The Pasqualinis also feel hung out to dry by the Butler County District Attorney’s Office and ADA Ben Simon, who handled the criminal case against Menchyk.

Jim and Kelley say Simon made important decisions about the case without seeking their input, sometimes failed to keep the family updated on the hearing schedule for the case, never bothered to visit or speak with Joe himself, and gave away far too much in cutting a deal with Menchyk and his attorney, Michael Pawk.

Menchyk was initially charged with two counts of aggravated assault by vehicle while DUI — a second degree felony — as well as misdemeanor counts of DUI, reckless endangerment and several summary driving violations.

Ultimately, according to online court documents, seven of the nine charges against Menchyk were dismissed in a deal that saw him plead guilty to DUI and one misdemeanor count of reckless endangerment.

He served a total of three days in jail, the family said, followed by a term of probation and was ordered to pay restitution to the Pasqualinis, who say it seems like Menchyk got everything he asked for from prosecutors.

For Jim Pasqualini, who retired from the Army after 30 years and spent much of his professional life negotiating contracts for the federal government, it’s an inscrutable state of affairs.
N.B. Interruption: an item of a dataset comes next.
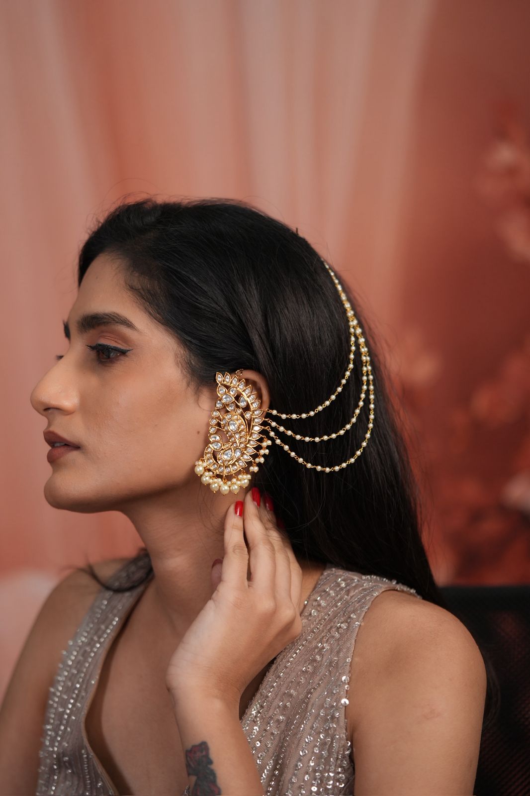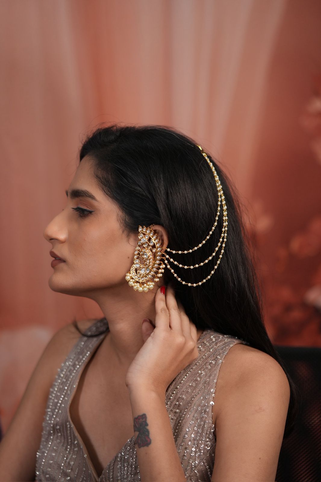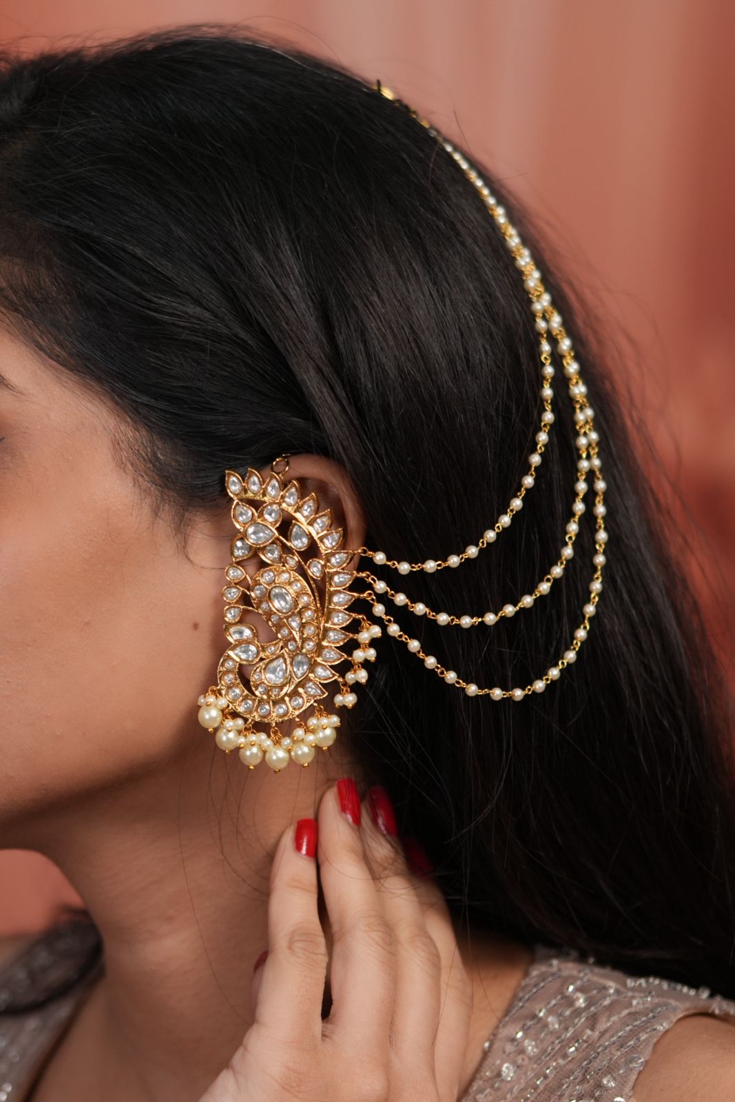 Peacock Polki Big Indian Earcuff with Attached Hair Chain, crafted in traditional bridal style. A bold statement jewellery piece featuring regal peacock motifs and timeless Indian craftsmanship.

He’s decided that Butler County prosecutors are either “lazy or incompetent.”

Simon declined to go into specifics, but maintained that he handled the case properly and kept the family informed as the matter, which took years to play out in court, proceeded.
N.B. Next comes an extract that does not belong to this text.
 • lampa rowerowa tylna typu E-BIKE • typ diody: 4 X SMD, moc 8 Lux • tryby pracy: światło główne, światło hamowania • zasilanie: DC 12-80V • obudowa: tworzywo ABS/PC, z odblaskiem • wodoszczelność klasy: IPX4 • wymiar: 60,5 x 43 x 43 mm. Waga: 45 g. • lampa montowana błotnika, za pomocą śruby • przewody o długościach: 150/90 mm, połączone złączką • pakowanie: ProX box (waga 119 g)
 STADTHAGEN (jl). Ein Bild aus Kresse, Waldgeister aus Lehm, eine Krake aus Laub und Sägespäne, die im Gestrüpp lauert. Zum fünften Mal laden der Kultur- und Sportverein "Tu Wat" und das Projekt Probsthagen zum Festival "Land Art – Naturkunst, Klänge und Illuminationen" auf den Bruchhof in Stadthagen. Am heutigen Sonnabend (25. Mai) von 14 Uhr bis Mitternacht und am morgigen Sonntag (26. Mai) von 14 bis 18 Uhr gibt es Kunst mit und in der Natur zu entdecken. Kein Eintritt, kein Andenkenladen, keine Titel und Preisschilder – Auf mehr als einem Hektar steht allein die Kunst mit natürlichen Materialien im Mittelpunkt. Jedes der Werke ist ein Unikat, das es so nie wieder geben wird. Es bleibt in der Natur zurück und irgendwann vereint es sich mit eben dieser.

“We are very sorry to hear of Joseph’s passing,” Simon said.

Because Joe died in Pittsburgh, the family now awaits a ruling from the Allegheny County Medical Examiner’s Office on the manner of Joe’s death. Jim believes they will classify the manner of Joe’s death as a homicide — something he hopes will require Butler County authorities to once again consider whether to charge Menchyk with a crime.

“I have no idea what it’s (Joe’s death certificate) going to say, but the system says a homicide must be investigated and prosecuted,” Jim said. “I believe in the system, and I believe in this country. I just want justice to be served.”